Data excerpts
##########

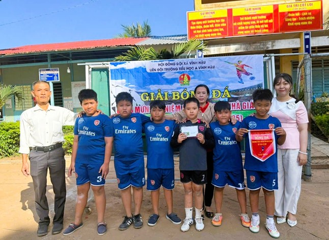 Trao giải cho đội bóng vô địch của Trường Tiểu học A Vĩnh Hậu
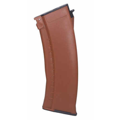 Механический магазин для автоматов АК-серии производства компании E&L. Модель el-1102-08 является страйкбольной моделью магазина АК-74 под 30 патронов 5.45мм. Магазин полностью изготовлен из пластика, окрашен в оранжевый цвет. Вместимость составляет 120 шаров, что очень неплохо для механы. Механический тип подач шаров (за счет пружины) перед бункерами имеет такие преимущества, как: постоянная подача шаров (без подкрутки вручную) и отсутствие шума шаров при передвижениях. Так же немаловажным плюсом для многих игроков является необходимость смены магазинов во время ведения огня, что повышает антуражность игры.
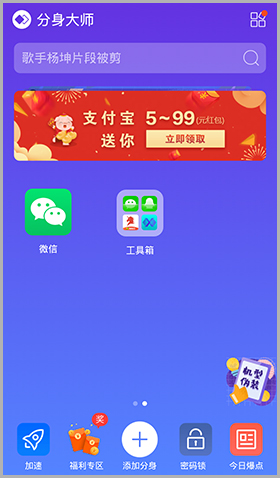 步骤一:在分身大师桌面点击需要双开的应用图标;
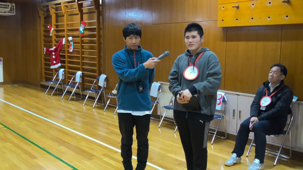 会の後半は、石山選手にフロアバレーボールの体験をしていただき、みんなで盛り上がりました!
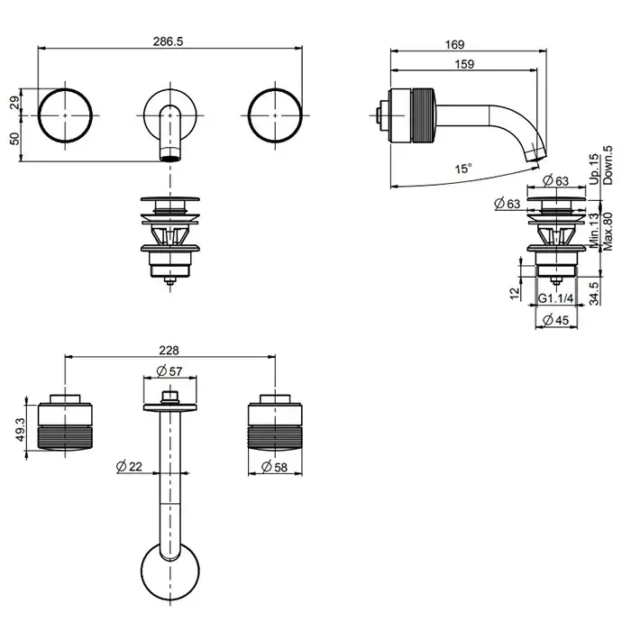 Fima Carlo Frattini Texture Collection Смеситель для раковины, на 3 отв., с донным клапаном, цвет: черный матовый
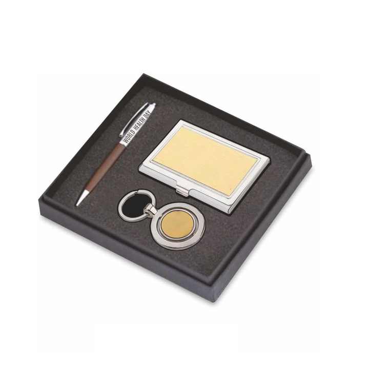 ชุดของขวัญองค์กรแบบ3 In 1พร้อมปากกาพวงกุญแจและที่ใส่นามบัตรสำหรับให้เป็นของขวัญจากผู้ผลิตอินเดีย
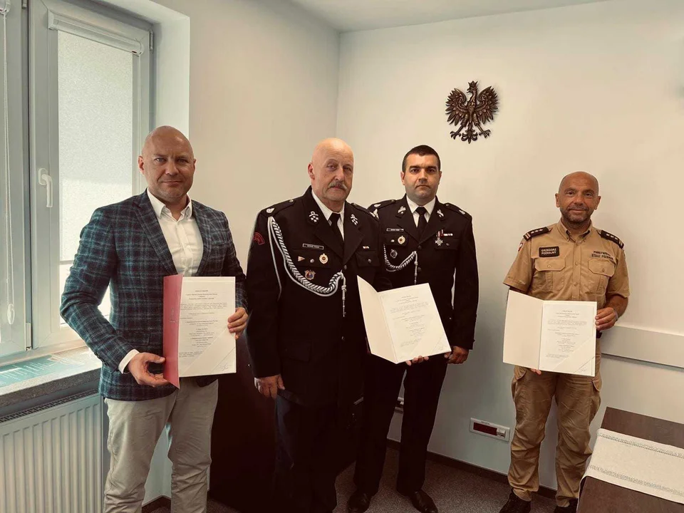 Dzięki temu ta część powiatu będzie lepiej zabezpieczona i gdy wydarzy się jakiś wypadek lub wybuchnie pożar, za pośrednictwem centralnego systemu powiadamiania strażacy z Rąblowa - jeśli akurat będą najbliżej zdarzenia - zostaną poinformowani o nim i skierowani na akcję. Ale, aby jednostka OSP mogła zostać włączona do KSRG musi spełnić kilka wymogów. Jednym z nich jest posiadanie co najmniej jednego średniego lub ciężkiego samochód ratowniczo – gaśniczego. Ten warunek rąblowska straż już spełnia. W czerwcu dzięki wsparciu gminy i darczyńców wzbogaciła się o mercedesa atego. Wóz kosztował 700 tys. zł. Kolejny krok w stronę wprowadzenia jednostki do systemu już wykonano. 16 lipca w Urzędzie Gminy w Wąwolnicy miało miejsce podpisanie trójstronnego porozumienia w tej sprawie. Dokument podpisali Komendant Powiatowy Państwowej Straży Pożarnej w Puławach st. bryg. Grzegorz Podhajny, Wójt Gminy Wąwolnica Marcin Łaguna, a w imieniu OSP Rąblów Prezes Mariusz Rodzik w asyście naczelnika Marcina Turka.
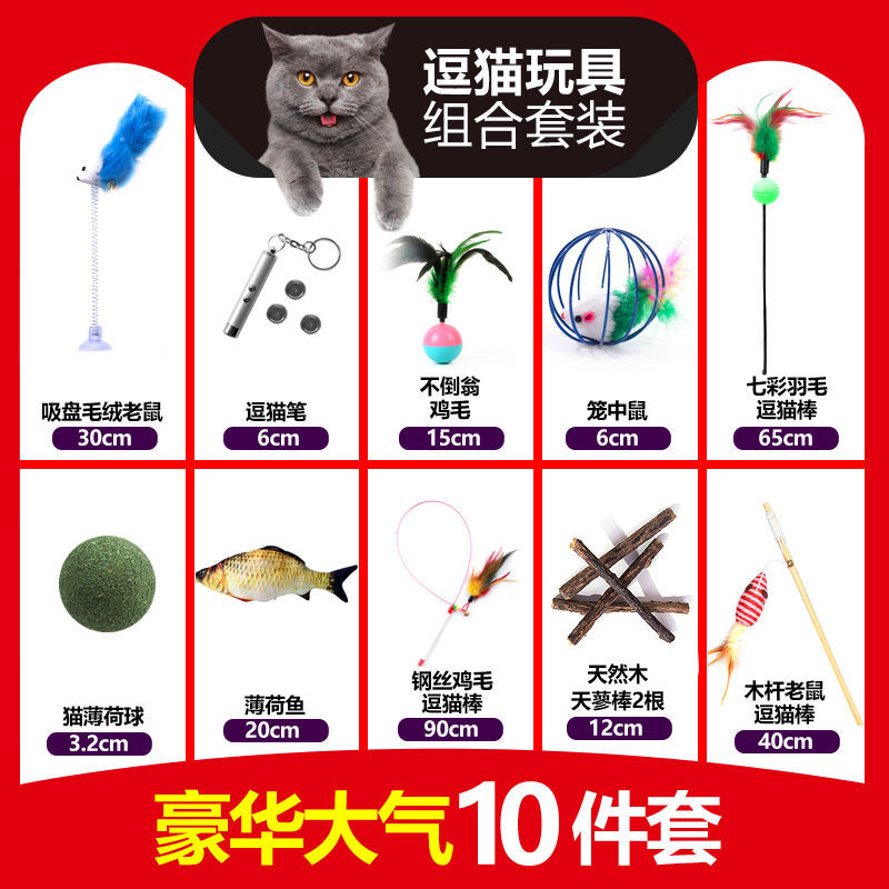 猫玩具套装自嗨激光逗猫棒薄荷鱼不倒翁老鼠解闷猫咪宠物用品 【优选超值】十件套
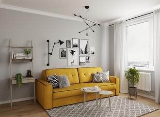 Спинка, выполненная в обивочной ткани, позволяет ставить диван в центре комнаты и зонировать пространство.
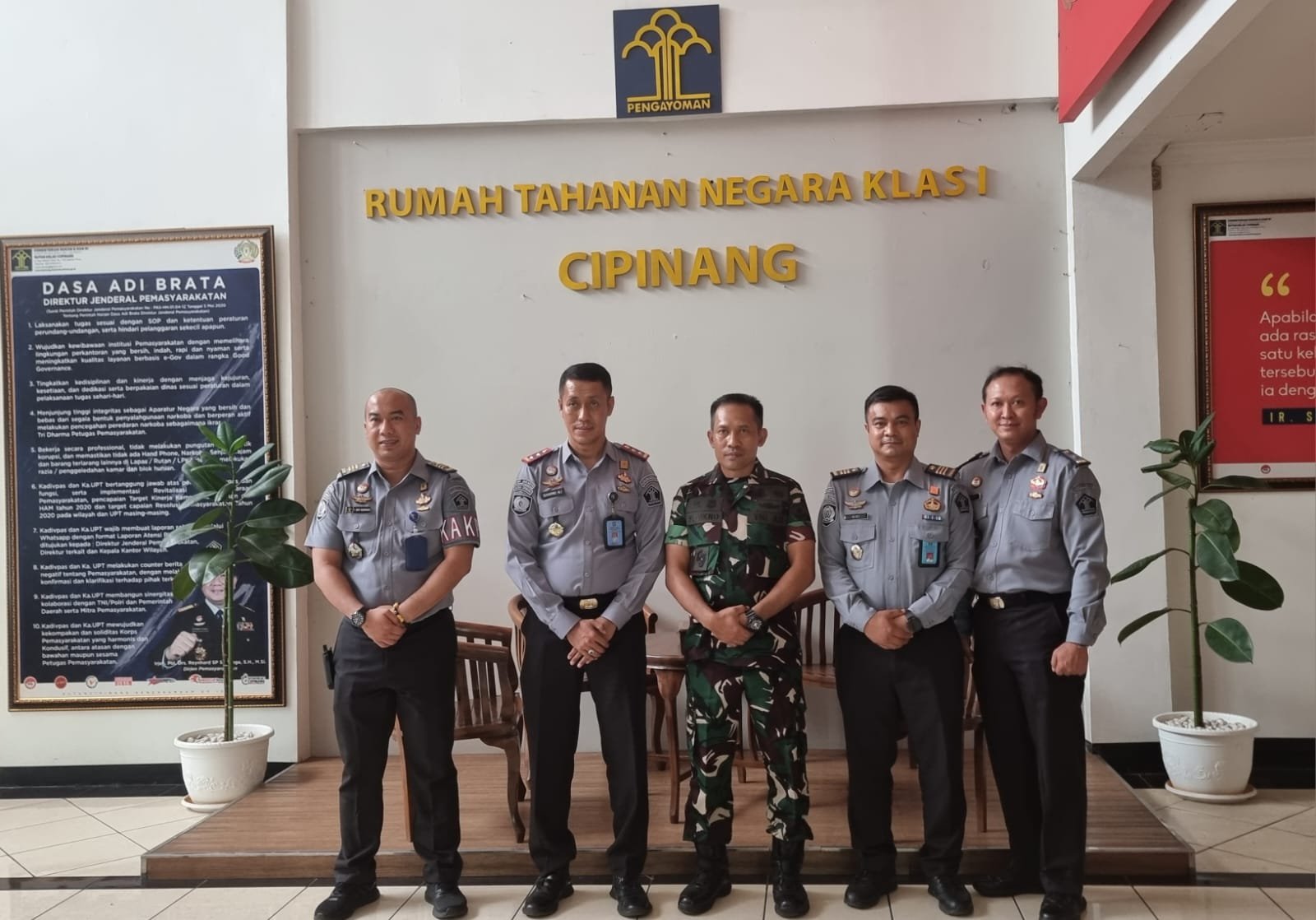 Dandim 0505/JT Letkol Arm Suyikno,S,Sos,M,Si, dalam kunjungannya ke Lembaga Pemasyarakatan Kelas I dan Narkotika Kelas II A Cipinang ini dalam rangka mempererat tali silaturahmi dengan Karutan Sukarno Ali, AMD,IP, SH,M,Si, KPR Rutan Febrian Sony, Amd,SIP,M,Si, Kalapas Narkotika Veronika Afandi, AMD,IP,SH,MH, KPLP Narkotika M.Khafi, Amd,IP,S,Sos,M,Si, bersama Staf Lapas.
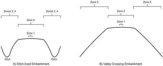 (A) Cross-sections of a ditch-lined embankment and corresponding embankment zones; (B) An embankment at a valley crossing and the corresponding embankment zones. These cross-sections are idealized conceptual profiles and not derived from real embankments.

##########

» WHAT YOU WILL DO:
Please set the records down again exactly as written. The pictures should not be included.

» RESULT:
 Trao giải cho đội bóng vô địch của Trường Tiểu học A Vĩnh Hậu
 Механический магазин для автоматов АК-серии производства компании E&L. Модель el-1102-08 является страйкбольной моделью магазина АК-74 под 30 патронов 5.45мм. Магазин полностью изготовлен из пластика, окрашен в оранжевый цвет. Вместимость составляет 120 шаров, что очень неплохо для механы. Механический тип подач шаров (за счет пружины) перед бункерами имеет такие преимущества, как: постоянная подача шаров (без подкрутки вручную) и отсутствие шума шаров при передвижениях. Так же немаловажным плюсом для многих игроков является необходимость смены магазинов во время ведения огня, что повышает антуражность игры.
 步骤一:在分身大师桌面点击需要双开的应用图标;
 会の後半は、石山選手にフロアバレーボールの体験をしていただき、みんなで盛り上がりました!
 Fima Carlo Frattini Texture Collection Смеситель для раковины, на 3 отв., с донным клапаном, цвет: черный матовый
 ชุดของขวัญองค์กรแบบ3 In 1พร้อมปากกาพวงกุญแจและที่ใส่นามบัตรสำหรับให้เป็นของขวัญจากผู้ผลิตอินเดีย
 Dzięki temu ta część powiatu będzie lepiej zabezpieczona i gdy wydarzy się jakiś wypadek lub wybuchnie pożar, za pośrednictwem centralnego systemu powiadamiania strażacy z Rąblowa - jeśli akurat będą najbliżej zdarzenia - zostaną poinformowani o nim i skierowani na akcję. Ale, aby jednostka OSP mogła zostać włączona do KSRG musi spełnić kilka wymogów. Jednym z nich jest posiadanie co najmniej jednego średniego lub ciężkiego samochód ratowniczo – gaśniczego. Ten warunek rąblowska straż już spełnia. W czerwcu dzięki wsparciu gminy i darczyńców wzbogaciła się o mercedesa atego. Wóz kosztował 700 tys. zł. Kolejny krok w stronę wprowadzenia jednostki do systemu już wykonano. 16 lipca w Urzędzie Gminy w Wąwolnicy miało miejsce podpisanie trójstronnego porozumienia w tej sprawie. Dokument podpisali Komendant Powiatowy Państwowej Straży Pożarnej w Puławach st. bryg. Grzegorz Podhajny, Wójt Gminy Wąwolnica Marcin Łaguna, a w imieniu OSP Rąblów Prezes Mariusz Rodzik w asyście naczelnika Marcina Turka.
 猫玩具套装自嗨激光逗猫棒薄荷鱼不倒翁老鼠解闷猫咪宠物用品 【优选超值】十件套
 Спинка, выполненная в обивочной ткани, позволяет ставить диван в центре комнаты и зонировать пространство.
 Dandim 0505/JT Letkol Arm Suyikno,S,Sos,M,Si, dalam kunjungannya ke Lembaga Pemasyarakatan Kelas I dan Narkotika Kelas II A Cipinang ini dalam rangka mempererat tali silaturahmi dengan Karutan Sukarno Ali, AMD,IP, SH,M,Si, KPR Rutan Febrian Sony, Amd,SIP,M,Si, Kalapas Narkotika Veronika Afandi, AMD,IP,SH,MH, KPLP Narkotika M.Khafi, Amd,IP,S,Sos,M,Si, bersama Staf Lapas.
 (A) Cross-sections of a ditch-lined embankment and corresponding embankment zones; (B) An embankment at a valley crossing and the corresponding embankment zones. These cross-sections are idealized conceptual profiles and not derived from real embankments.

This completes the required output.